Los resultados de Qin Pengfei no fueron buenos ese año, a pesar de volver a presentarse al examen de ingreso y finalmente terminar en una universidad de tercera categoría. Ahora que se ha graduado, no le han asignado un buen trabajo. Se considera por encima del promedio y no está satisfecho con un trabajo ordinario. Esos trabajos seguros, como tazones de arroz de hierro, están fuera de su alcance, así que desde que se graduó, ha estado holgazaneando en casa durante varios años, sin querer trabajar la tierra, viviendo en la indulgencia. No es culpa de Hu Li; incluso cuando hay oportunidades de casamenteras para su hijo, Qin Pengfei es demasiado exigente y las menosprecia, y Hu Li también siente que ninguna es lo suficientemente buena para su hijo, que es un graduado universitario y buscará trabajo en la ciudad en el futuro.

Fue el momento perfecto cuando descubrió que Qin Xiangnuan y sus hermanos estaban en la Ciudad Capital. Esto fue un buen giro de los acontecimientos.

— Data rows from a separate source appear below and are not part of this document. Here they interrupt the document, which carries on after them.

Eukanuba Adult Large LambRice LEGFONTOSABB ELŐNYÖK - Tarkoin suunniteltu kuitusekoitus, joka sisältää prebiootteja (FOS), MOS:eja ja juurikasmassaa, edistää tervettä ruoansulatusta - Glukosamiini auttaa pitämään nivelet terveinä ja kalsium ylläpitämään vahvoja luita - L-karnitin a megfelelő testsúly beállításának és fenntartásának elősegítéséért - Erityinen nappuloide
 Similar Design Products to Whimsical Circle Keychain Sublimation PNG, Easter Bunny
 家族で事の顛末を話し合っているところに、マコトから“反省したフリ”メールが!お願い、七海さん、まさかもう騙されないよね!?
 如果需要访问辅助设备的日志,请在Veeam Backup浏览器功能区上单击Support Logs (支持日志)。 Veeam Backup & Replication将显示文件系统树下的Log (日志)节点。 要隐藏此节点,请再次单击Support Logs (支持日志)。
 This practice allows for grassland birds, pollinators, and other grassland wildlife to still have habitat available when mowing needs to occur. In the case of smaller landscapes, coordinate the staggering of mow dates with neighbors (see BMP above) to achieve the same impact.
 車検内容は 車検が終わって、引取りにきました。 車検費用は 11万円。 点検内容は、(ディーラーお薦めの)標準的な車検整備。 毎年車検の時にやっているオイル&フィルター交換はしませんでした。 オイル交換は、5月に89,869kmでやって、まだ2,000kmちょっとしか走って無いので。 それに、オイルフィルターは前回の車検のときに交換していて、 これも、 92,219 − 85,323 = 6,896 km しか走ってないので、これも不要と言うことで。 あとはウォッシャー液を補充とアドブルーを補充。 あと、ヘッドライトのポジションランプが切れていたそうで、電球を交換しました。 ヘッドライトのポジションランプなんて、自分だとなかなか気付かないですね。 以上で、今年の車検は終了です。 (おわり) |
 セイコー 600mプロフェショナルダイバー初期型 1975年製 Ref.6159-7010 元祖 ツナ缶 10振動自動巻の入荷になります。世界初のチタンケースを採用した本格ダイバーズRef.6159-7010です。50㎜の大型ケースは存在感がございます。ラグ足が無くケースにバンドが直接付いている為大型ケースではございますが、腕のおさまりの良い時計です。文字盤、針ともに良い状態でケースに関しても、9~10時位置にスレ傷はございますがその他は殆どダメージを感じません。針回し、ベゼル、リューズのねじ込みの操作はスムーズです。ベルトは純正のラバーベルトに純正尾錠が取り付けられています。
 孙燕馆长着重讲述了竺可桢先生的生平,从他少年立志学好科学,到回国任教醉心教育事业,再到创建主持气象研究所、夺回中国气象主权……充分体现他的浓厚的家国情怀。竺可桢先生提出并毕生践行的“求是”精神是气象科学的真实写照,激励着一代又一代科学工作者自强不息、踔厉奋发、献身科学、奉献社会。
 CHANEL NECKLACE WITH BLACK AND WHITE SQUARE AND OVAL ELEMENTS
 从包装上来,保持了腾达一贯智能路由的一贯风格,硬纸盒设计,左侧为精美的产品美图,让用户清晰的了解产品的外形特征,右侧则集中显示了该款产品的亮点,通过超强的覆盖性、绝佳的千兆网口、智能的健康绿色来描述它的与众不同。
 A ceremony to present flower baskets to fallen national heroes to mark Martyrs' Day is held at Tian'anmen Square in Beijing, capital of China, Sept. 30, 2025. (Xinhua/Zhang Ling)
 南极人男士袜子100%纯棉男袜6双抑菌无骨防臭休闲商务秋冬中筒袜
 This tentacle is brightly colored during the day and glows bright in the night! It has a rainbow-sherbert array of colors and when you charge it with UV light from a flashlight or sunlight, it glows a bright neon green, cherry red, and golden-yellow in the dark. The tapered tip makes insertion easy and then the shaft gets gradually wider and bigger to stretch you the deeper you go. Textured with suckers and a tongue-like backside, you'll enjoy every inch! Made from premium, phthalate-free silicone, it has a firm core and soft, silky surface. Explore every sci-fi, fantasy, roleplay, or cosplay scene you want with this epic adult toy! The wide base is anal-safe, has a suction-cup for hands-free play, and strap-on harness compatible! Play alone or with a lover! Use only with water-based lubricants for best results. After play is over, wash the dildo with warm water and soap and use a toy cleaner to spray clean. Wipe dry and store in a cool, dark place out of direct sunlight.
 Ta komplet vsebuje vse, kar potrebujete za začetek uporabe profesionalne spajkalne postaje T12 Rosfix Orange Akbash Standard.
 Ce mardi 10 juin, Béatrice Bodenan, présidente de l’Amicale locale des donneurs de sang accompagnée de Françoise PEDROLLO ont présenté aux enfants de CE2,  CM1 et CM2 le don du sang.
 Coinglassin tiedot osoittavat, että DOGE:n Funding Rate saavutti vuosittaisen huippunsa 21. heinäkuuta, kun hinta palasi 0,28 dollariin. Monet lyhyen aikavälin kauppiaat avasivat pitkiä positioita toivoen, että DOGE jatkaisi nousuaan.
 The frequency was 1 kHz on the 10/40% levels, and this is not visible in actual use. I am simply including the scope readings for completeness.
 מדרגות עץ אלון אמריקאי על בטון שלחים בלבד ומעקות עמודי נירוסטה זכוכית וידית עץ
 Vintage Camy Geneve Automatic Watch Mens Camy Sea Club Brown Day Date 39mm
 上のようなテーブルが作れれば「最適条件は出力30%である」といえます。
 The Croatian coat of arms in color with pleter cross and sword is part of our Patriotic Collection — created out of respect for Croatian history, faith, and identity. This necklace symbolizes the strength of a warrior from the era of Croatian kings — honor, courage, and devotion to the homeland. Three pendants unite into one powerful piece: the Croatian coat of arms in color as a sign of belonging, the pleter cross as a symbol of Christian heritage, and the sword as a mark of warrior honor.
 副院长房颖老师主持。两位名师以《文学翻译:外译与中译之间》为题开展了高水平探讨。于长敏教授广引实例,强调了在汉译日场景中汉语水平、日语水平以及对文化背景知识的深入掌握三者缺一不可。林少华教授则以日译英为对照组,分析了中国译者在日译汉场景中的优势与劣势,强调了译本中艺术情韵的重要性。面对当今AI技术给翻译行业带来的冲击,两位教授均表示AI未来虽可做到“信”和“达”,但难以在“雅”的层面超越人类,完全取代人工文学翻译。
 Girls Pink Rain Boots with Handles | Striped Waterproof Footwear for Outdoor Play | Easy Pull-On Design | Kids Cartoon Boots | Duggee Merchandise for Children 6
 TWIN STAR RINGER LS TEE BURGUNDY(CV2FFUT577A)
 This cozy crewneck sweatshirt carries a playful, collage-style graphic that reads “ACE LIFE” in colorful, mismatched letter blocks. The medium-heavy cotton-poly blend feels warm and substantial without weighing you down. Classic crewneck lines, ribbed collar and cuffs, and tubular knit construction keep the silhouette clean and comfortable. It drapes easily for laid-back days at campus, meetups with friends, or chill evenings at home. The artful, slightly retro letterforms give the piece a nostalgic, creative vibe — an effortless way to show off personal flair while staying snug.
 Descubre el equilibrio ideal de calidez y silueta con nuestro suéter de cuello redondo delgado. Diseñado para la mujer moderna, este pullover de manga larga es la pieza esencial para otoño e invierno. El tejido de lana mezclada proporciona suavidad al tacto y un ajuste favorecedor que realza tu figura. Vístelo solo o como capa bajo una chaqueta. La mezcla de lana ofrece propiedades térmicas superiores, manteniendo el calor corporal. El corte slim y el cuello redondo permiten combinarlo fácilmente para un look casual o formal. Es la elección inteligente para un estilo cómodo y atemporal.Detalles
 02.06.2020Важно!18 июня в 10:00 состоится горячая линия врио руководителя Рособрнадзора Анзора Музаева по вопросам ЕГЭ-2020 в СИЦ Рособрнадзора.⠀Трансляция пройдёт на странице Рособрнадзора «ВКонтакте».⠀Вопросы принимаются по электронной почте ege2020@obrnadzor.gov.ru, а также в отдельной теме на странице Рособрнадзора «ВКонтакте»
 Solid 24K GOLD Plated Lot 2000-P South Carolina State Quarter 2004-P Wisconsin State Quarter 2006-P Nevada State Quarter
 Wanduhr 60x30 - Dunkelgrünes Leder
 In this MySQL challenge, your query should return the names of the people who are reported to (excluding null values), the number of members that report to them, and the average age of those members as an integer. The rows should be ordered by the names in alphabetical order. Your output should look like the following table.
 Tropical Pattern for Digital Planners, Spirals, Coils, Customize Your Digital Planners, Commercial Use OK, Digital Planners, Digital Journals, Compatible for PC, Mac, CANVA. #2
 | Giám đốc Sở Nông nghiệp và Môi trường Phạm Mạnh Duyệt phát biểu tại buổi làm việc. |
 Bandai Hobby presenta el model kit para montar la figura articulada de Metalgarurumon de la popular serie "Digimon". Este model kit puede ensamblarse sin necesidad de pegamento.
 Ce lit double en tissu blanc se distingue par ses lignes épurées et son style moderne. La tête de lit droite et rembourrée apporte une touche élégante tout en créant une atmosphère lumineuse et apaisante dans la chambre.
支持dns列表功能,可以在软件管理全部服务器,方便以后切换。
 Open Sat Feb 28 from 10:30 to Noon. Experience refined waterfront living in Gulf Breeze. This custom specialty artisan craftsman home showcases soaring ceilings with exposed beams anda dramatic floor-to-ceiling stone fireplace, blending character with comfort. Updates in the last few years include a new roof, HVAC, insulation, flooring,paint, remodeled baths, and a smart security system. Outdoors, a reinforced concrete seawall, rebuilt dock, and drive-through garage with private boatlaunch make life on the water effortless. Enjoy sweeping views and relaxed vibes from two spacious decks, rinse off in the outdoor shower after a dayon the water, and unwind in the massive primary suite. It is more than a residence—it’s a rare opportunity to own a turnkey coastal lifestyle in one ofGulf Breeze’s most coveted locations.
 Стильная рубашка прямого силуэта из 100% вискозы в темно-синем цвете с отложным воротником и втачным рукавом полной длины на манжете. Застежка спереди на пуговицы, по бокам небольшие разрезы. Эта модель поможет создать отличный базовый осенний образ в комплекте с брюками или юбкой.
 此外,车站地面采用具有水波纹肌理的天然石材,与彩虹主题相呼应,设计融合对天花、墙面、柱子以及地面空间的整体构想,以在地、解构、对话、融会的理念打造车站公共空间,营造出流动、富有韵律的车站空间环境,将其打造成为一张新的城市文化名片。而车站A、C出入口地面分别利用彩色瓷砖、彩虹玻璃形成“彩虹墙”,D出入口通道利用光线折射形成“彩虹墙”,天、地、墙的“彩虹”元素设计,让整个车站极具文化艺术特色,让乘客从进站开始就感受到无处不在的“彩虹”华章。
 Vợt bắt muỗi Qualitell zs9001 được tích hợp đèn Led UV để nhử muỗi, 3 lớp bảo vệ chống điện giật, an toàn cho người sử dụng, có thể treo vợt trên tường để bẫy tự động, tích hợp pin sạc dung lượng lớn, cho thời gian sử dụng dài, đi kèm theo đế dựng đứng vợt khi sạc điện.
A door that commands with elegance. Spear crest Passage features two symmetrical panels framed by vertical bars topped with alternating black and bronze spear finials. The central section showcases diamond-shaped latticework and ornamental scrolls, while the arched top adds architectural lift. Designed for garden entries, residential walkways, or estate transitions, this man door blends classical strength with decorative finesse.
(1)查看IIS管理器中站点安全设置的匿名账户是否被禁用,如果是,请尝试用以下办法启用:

Su Xiang Mei había triunfado esta vez, entrando a una universidad en la Ciudad Capital. Ahora es el fénix dorado que ha volado fuera del pueblo, y seguramente está destinada a un gran éxito. Con esto en mente, los tres, madre e hijos, hicieron su movimiento.

Están decididos a vivir en este Siheyuan, que pertenece a la Familia Qin, naturalmente destinado a que viva la Familia Qin. Qin Pengfei tiene su propio plan; quiere vender la casa y luego usar el dinero para iniciar un negocio. Con dinero, ¿de qué hay que tener miedo? Se convertirá en un gran jefe.

—Mamá, ve a tocar la puerta —dijo Qin Xiangmei sentada en su maleta, abanicándose con la mano—. ¿Cómo puede hacer tanto calor en la Ciudad Capital? Especialmente ahora, ¿qué hará cuando llegue el verano? De todos modos, ha decidido no vivir en la universidad – se va a quedar en este Siheyuan.

Es realmente afortunado que el Siheyuan esté tan cerca de la universidad. Solo los tontos vivirían en el campus y comerían allí. Mientras viva aquí, tiene las comidas cubiertas para el día, ahorra mucho dinero y puede incluso permitirse ropa nueva.

Hu Li originalmente tenía la intención de tocar la puerta también, pero cuando escuchó los ladridos del perro adentro, no se atrevió a hacer un movimiento.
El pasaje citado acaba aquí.